Software and control
Automation, trust, and bounded AI in orbit
My software background made it hard to believe in vague space AI for more than five minutes. This piece asks the better question: what kind of automation would a serious mission actually trust, and where would it draw the line?
Because I have spent so long in software, I never had much patience for magic-AI scenes in this book.
The real question turned out to be smaller and better: what sort of automation would a serious mission actually trust when delay, certification, and survival are all in the room? This page is the shorter, cleaner version of the research that came out of that.
Space operations reward bounded systems
On Earth we put up with broad, messy software all the time because the cost is usually annoyance, delay, or cleanup. In orbit the cost profile changes. Advice needs provenance. Procedures need traceability. Boundaries matter.
That is why a bounded assistant interests me more than a synthetic genius. A careful organization would want something narrow, auditable, and very good at one operating domain, not a machine that keeps improvising at unknown confidence.
Trust is a design variable
The fiction got better as soon as I treated trust like a design variable.
How often does the system quote procedure? When does it refuse to guess? What can it detect locally? How much should a sleep-deprived crew member lean on it? Those are better questions than generic AI spectacle because they change actual behavior.

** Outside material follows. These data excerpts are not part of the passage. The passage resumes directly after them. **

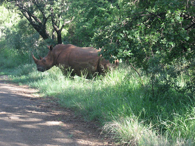 Okay. So. Hyenas eat what’s left of an animal after the meat’s been consumed by lions and leopards and etcetera. In short, they eat the bones. As a result, their stools are hard and white from all the calcium. Hold that thought! Rhino ahead!
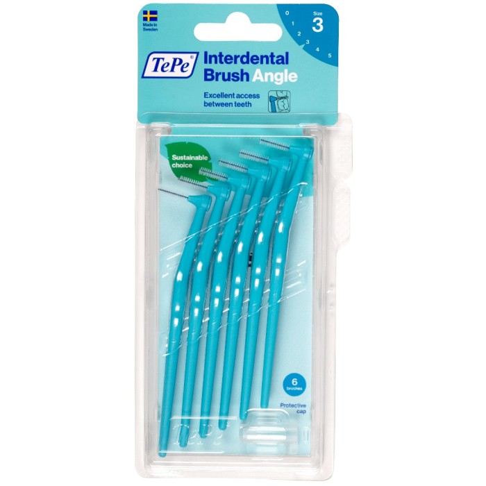 TePe Angle är en mellanrumsborste med litet vinklat borsthuvud och långt skaft för effektiv rengöring av alla tandmellanrum. TePe Angle rengör även svåråtkomliga områden där en vanlig tandborste inte kommer åt. Det långa skaftet ger åtkomst även till ytor längre bak i munnen. Använd dagligen för att bidra till friska tänder och ett friskt tandkött. Ett hygieniskt skydd för borsten medföljer.
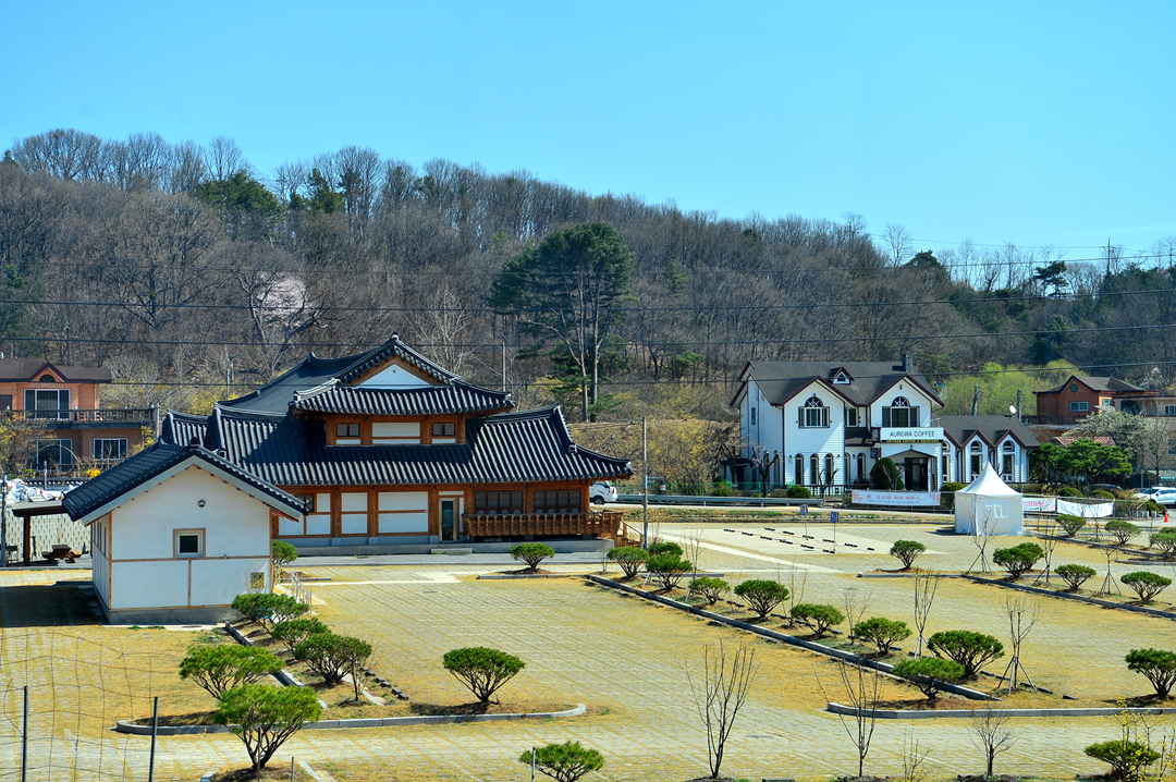 건너편 산자락 아래에는 번듯하게 잘 지어진 주택이 늘어서 있다.

Why this material overlaps with software craft
This one lines up with my own background almost too neatly. Years in software make it hard to believe in frictionless abstractions for long. Systems leak. Interfaces are real. Safety starts to matter most when the smart layer gets confused.
That skepticism is useful. It keeps both the fiction and the journal closer to the sort of engineering culture that might actually sign off on the thing.
Why it belongs on the site
This topic is probably the easiest bridge between the novel and the rest of the site. Someone can land here with no interest in the book at all and still get something out of it.
What I wanted to offer was a compact argument: trustworthy automation in hard environments usually looks smaller, narrower, and less glamorous than people expect.
Source trail
These are the public sources that most directly shaped the piece. I keep them down here so the essay can read like prose first and a bibliography second.
- DLR | CIMON astronaut assistance system
A concrete example of a narrow assistant in a real mission setting.
- Airbus | Crew assistant CIMON successfully completes first tasks in space
Useful early reporting for separating what CIMON actually did from the hype around it.
- Airbus | CIMON-2 makes its successful debut on the ISS
A good follow-up on what changed once the concept had to keep working.
- NASA Standards | NASA-STD-8739.8 software assurance and software safety standard
This is the assurance culture I had in mind when thinking about what a real mission would approve.
- NASA SMA | Software assurance and software safety
A practical overview of the discipline underneath software trust.
- NASA NTRS | Recommendations to Advance Space Trusted Autonomy
One of the most relevant sources I found on how space organizations talk about trusted autonomy.
- ESA | Software product assurance for autonomous on-board software
Helpful ESA-side assurance material that keeps the page grounded.
- NIST | AI Risk Management Framework
Useful broader trust framing once the argument widened beyond spaceflight.